Tsai has announced her resignation as a DPP's chair.

I have a distant feeling that blue will be less generous with the industry in their localities. Greens were always strong around Hsinchu, and south in general.
 
Surely the KMT understands as well as anyone just how important the semi industry is to taiwan. They would have to be braindead to pull support at a time like this.
 
From what I have read thus far the DPP (Green) leaned a little too much on the China situation creating fear, uncertainty, and doubt about Taiwan's future. KMT (Blue) is pro China relations so it was a safer bet. China even stepped up military incursions to support the KMT in the pre election run up.

Personally I think the Taiwan president's undoing was the visits from US politicians, Pelosi being the worst one. It really was unnecessary. US politics is a dirty business unlike Taiwan's and most other countries around the world.

I think the most interesting story is the new mayor of Taipei Wayne Chiang.
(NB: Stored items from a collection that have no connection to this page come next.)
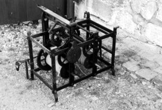 Das aus dem Jahr 1891 stammende Uhrwerk der Kirchturmuhr vor dem Wiedereinbau[8].
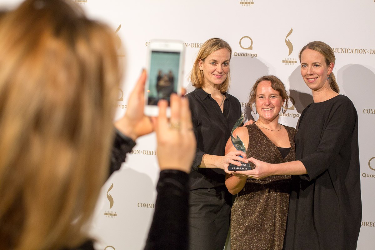 Drei Frauen halten eine Auszeichnung, während eine weitere Person im Vordergrund ein Foto mit ihrem Smartphone macht.
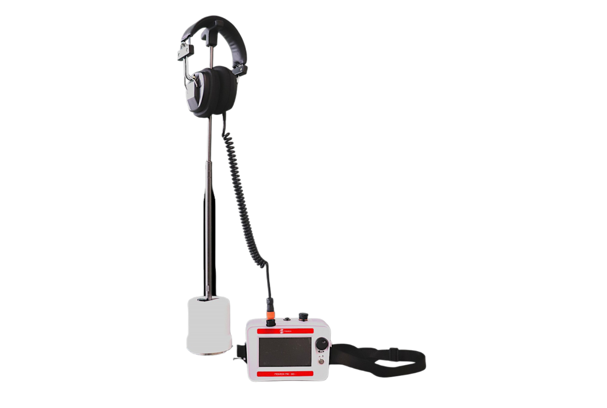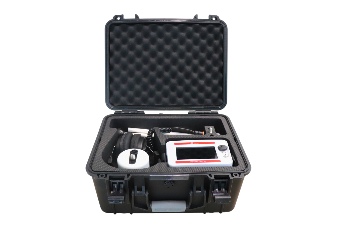 Комплект применяется совместно с генератором высоковольтных импульсов. Принцип работы построен на фиксации акустических и электромагнитных сигналов, возникающих при искровом разряде в месте повреждения кабеля. Благодаря современным технологиям и продуманной конструкции, локализация повреждений выполняется быстро, точно и с максимальным комфортом для оператора. Основными элементами поискового комплекта являются: наземный микрофон, модуль управления и накладные наушники.
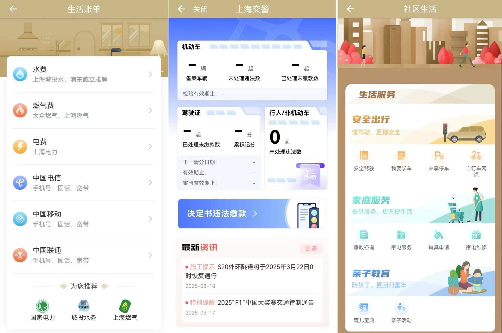 水、電、燃氣等多類生活賬單支持在線繳納和多户賬單統一管理,告別繳費跑腿,並覆蓋醫保共濟、互聯網醫院、尋醫問藥、在線掛號等各項醫療服務。除此之外,社區服務也更添温度,政務服務地圖一鍵查詢、社區活動在線預約,數字紐帶拉近鄰里距離,讓便利生活從“最後一公里”直達“家門口”。
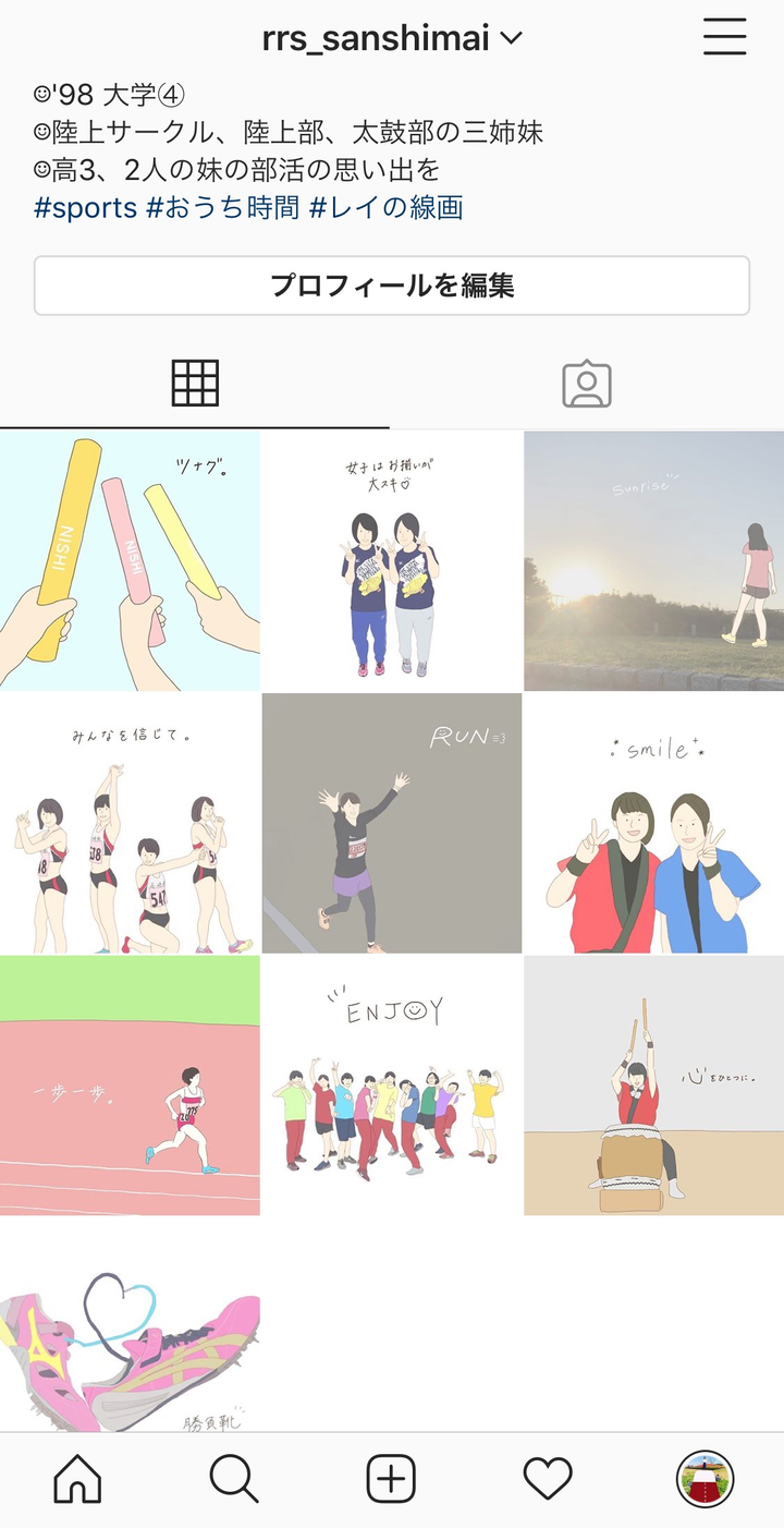 2020年、コロナの影響で高校最後の大会がなくなってしまった双子の妹(陸上部、太鼓部)を少しでも元気づけようと書き始めたイラストです。かわいも絵やジャニーズやYouTuberなどのアーティストのイラストはInstagramに溢れていますが、あまりスポーツに特化したものは見かけないなと思い、公開を始めました。
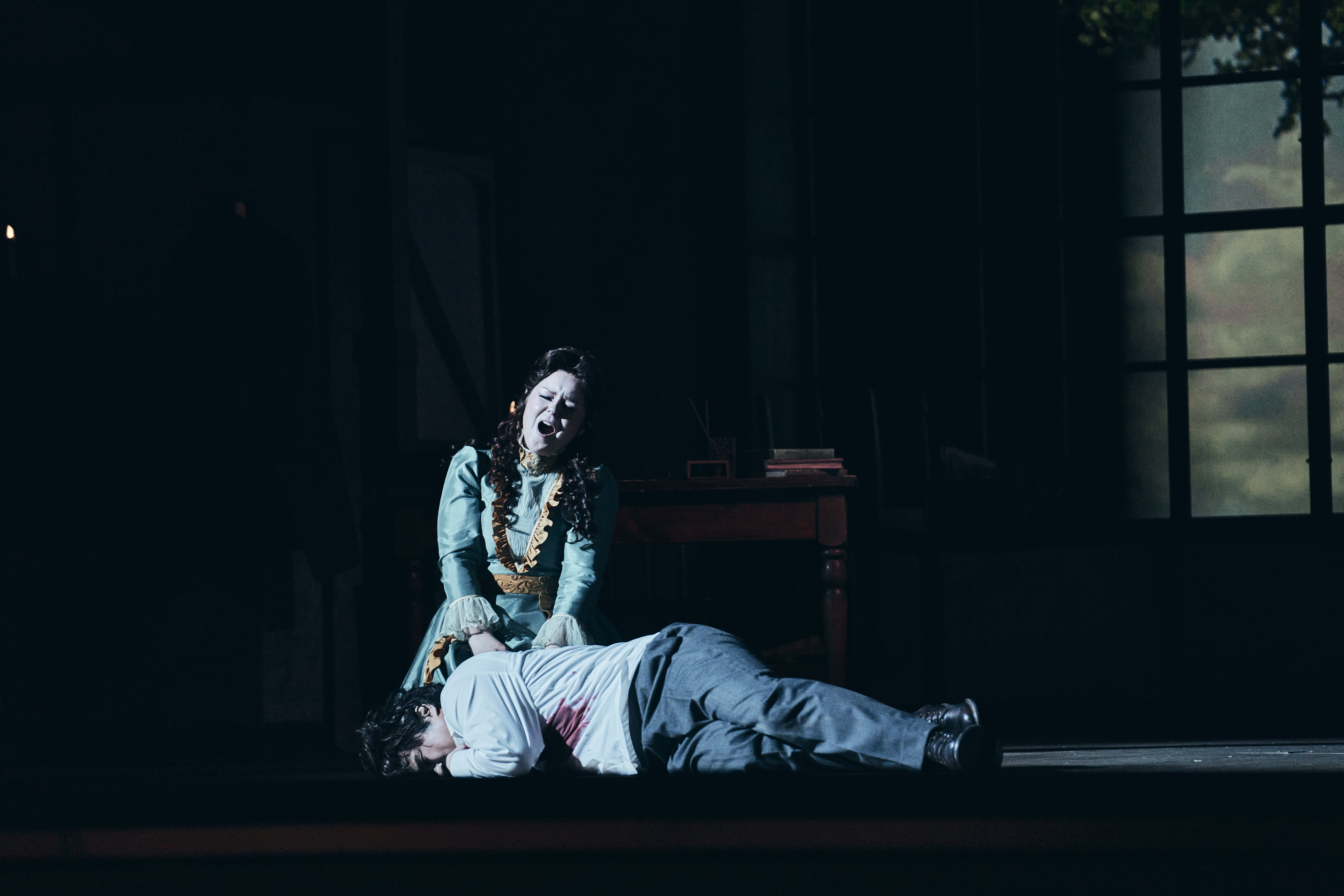 | Alles überstrahlende Stimme ist die Thurza von Karis Tucker, die die warme Fülle ihres Mezzosoprans auch in der Höhe lodern lässt. So lasst mich weinen meinen Schmerz, singt sie im zweiten Akt, um sich über der Harfe isoldenhaft aufzuschwingen: o Liebe! |
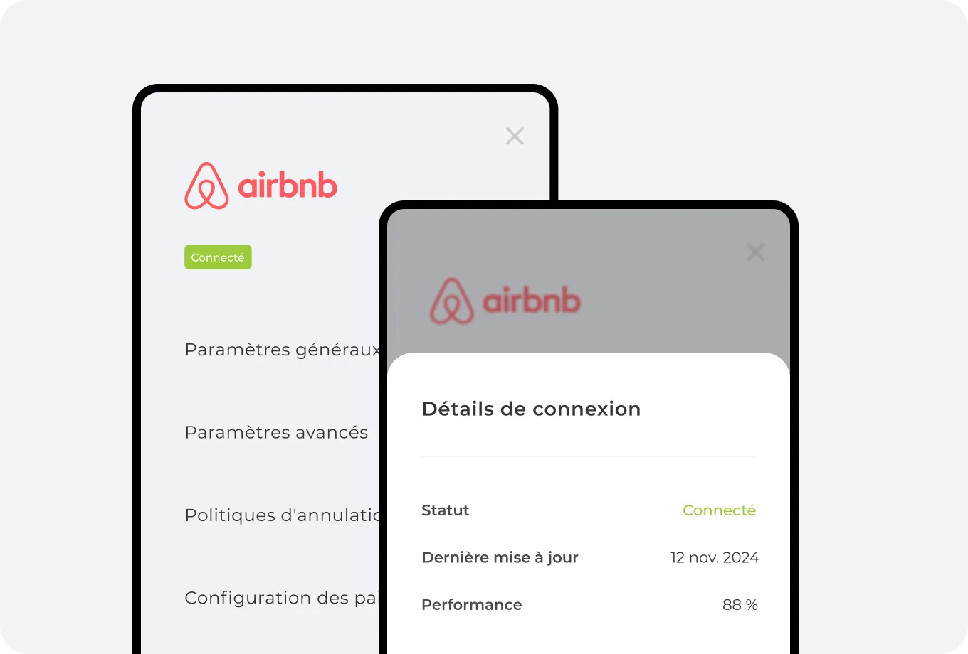 Mises à jour automatiques des tarifs, disponibilités, réservations et contenus entre Airbnb et Avantio.

He worked at Wilson Sonsini here in Silicon Valley doing VC work.


"Chiang Wan-an was a teenager when his father sat him down to tell him about his heritage: he’s the great-grandson of Chiang Kai-shek, the Chinese Nationalist leader who fought Mao Zedong’s Communists forces before fleeing to Taiwan and ruled it with an iron fist."

He could change the face of the KMT, absolutely.
 
My understanding from Taiwanese people is that being pro unification is political suicide in Taiwan especially among the newer generation that sees itself as Taiwanese rather then Chinese as the older generation does. Neither of the parties are pro unification at this point so voters were frustrated with the DPP making the Chinese unification a primary issue instead of actual governance and policy. People saw it as a deflection from actual issues towards an issue that doesn’t need to be debated because Taiwanese are already pretty unified on the idea of not unifying with the mainland at this point. This is all anecdotal from what I heard from a friend who is from taiwan.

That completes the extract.